Question

A bullet is fired straight up from a BB gun with initial velocity 1120 ft./s at an initial height of 8 feet. Use the formula h=-16t^2 +v0 t+8 to determine how many seconds it will take for the bullet to hit the ground. That is, when will h=0 ? Round your answer to the nearest whole number

Answer 1

So, time is 70 seconds

Explanation:

we are given equation of height as

`h(t)=-16t^2+v_0t+8`

we are given

initial velocity 1120 ft./s

so, we have

`v_0=1120ft/s`

now, we can plug it

`h(t)=-16t^2+1120t+8`

We will set h=0

and then we can solve for t

`h(t)=-16t^2+1120t+8=0`

we can use quadratic formula

`t=(-b\pm √(b^2-4ac))/(2a)`

`t=(-1120\pm √(1120^2-4\left(-16\right)8))/(2\left(-16\right))`

`t=-(√(4902)-70)/(2),\:t=(70+√(4902))/(2)`

`t=-0.00174,t=70.007`

we know that

time can never be negative

so, we get

`t=70.007`

Answer 2

Bullet will hit the ground after 70 seconds.

Explanation:

A bullet is fired straight up from a BB gun with initial velocity 1120 ft/s at an initial height of 8 ft.
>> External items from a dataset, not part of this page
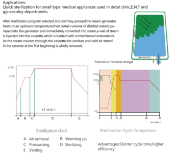 2. Compared with the autoclave with a longer sterilization cycle, this quicker autoclave prolongs the lifetime of the medical appliances relatively, because the cycle time of the sterilized appliances exposed to the high temperature is less.
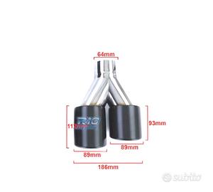 TERMINALI SCARICO DOPPIO UNIVERSALE 2x 89MM IN ACCIAIO INOX NERO OPACO
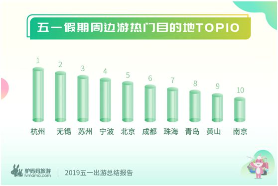 《报告》显示,五一期间,周边游依然是最受喜爱的出游类型,“1-3天”周边游人次占比超六成。其中, 3天2晚、2天1晚的中高档线路尤其受欢迎。杭州、无锡、苏州、宁波、北京、成都、珠海、青岛、黄山、南京等,位居十大热门目的地。
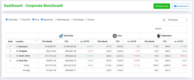 - For Multi-Store Locations, A Corporate-Level KPI Dashboard:
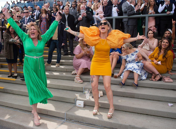 В пятницу празднование началось с того, что люди потягивали шампанское из бутылки и демонстрировали свои фигуры в смелых мини-платьях во второй день Ливерпульских скачек.Это возвращение к допандемическим годам, когда любители скачек толпами прибывали на ипподром, чтобы поболеть за лошадей.В то время, как выброшенные пластиковые стаканы, банки, сигареты - и даже туфли на высоких каблуках - выстилали полы в конце дня, гуляки все еще были застигнуты на вечеринках до вечера с веселыми лицами и напитками в руках.В пятницу присутствующие вышли во всех своих лучших нарядах в честь Женского дня, когда желанная награда за стиль вручается самой хорошо одетой женщине.В то время, как фестиваль посвящен исключительно скачкам, многие участники скачек, казалось, были более чем счастливы выставить напоказ свои вещи, соревнуясь за приз в размере 5 000 фунтов стерлингов за лучшую одежду.Grand National вернулся в Aintree после того, как мероприятие прошло за закрытыми дверями в прошлом году из-за Covid.Ожидается, что около 150 000 человек посетят трехдневный фестиваль, один из крупнейших в календаре гонок.
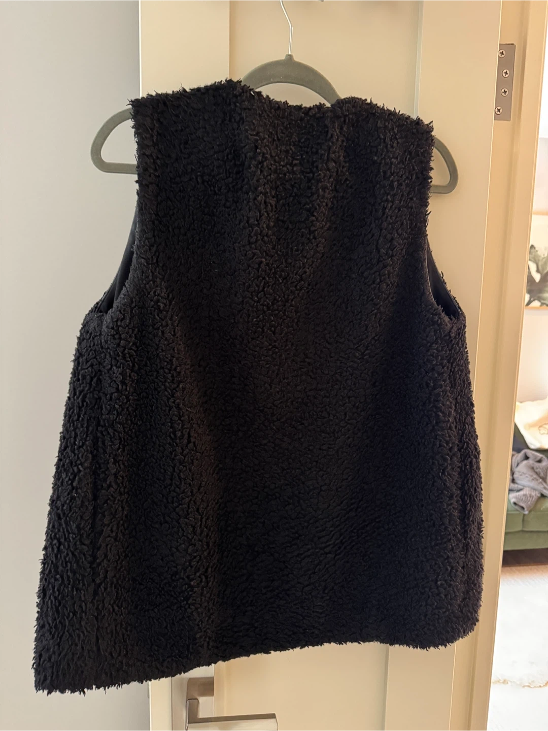 Cozy black sherpa vest from Wilfred. It's made of soft, fluffy material with a zip-up front.
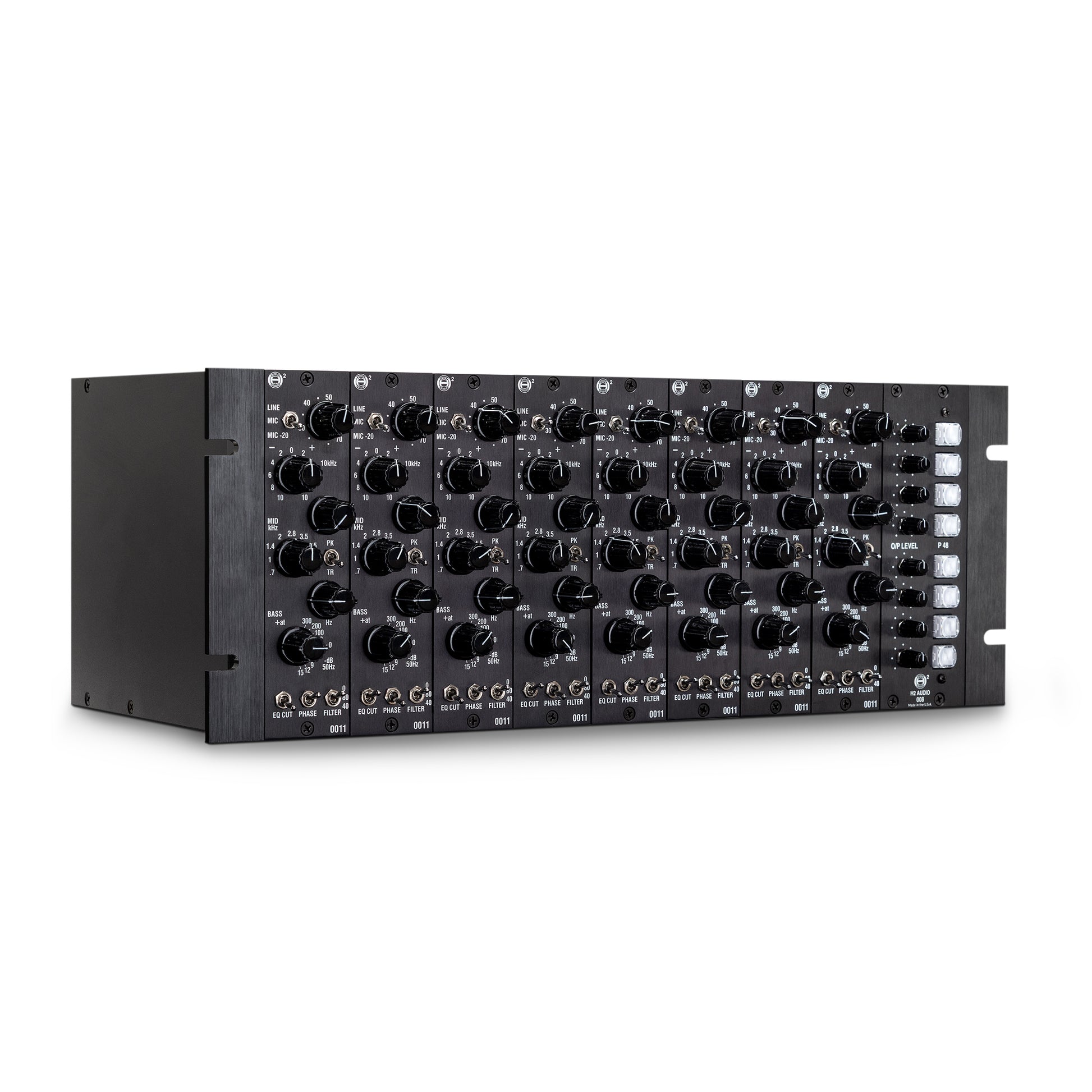From the original Helios desks that shaped rock’s most iconic records to today’s reimagined H2 Audio modules, the 008 Rack carries that legacy forward. Precision-engineered and hand-assembled, it ensures every 0011 Series module performs at its absolute best — with ultra-low noise, stable rails, and pristine signal flow across all eight channels.

`\text{Formula or Model of height }h(t)=-16t^2+1120t+8`

We need to find time when bullet hit the ground.

As we know when bullet hit the ground height would be 0

So, we set h=0 and solve for t .

`0=-16t^2+1120t+8`

Using quadratic formula

`t=(-1120\pm √((1120)^2-4(-16)(8)))/(2(-16))`

`t=70\text{ seconds}`

Thus, Bullet will hit the ground after 70 seconds.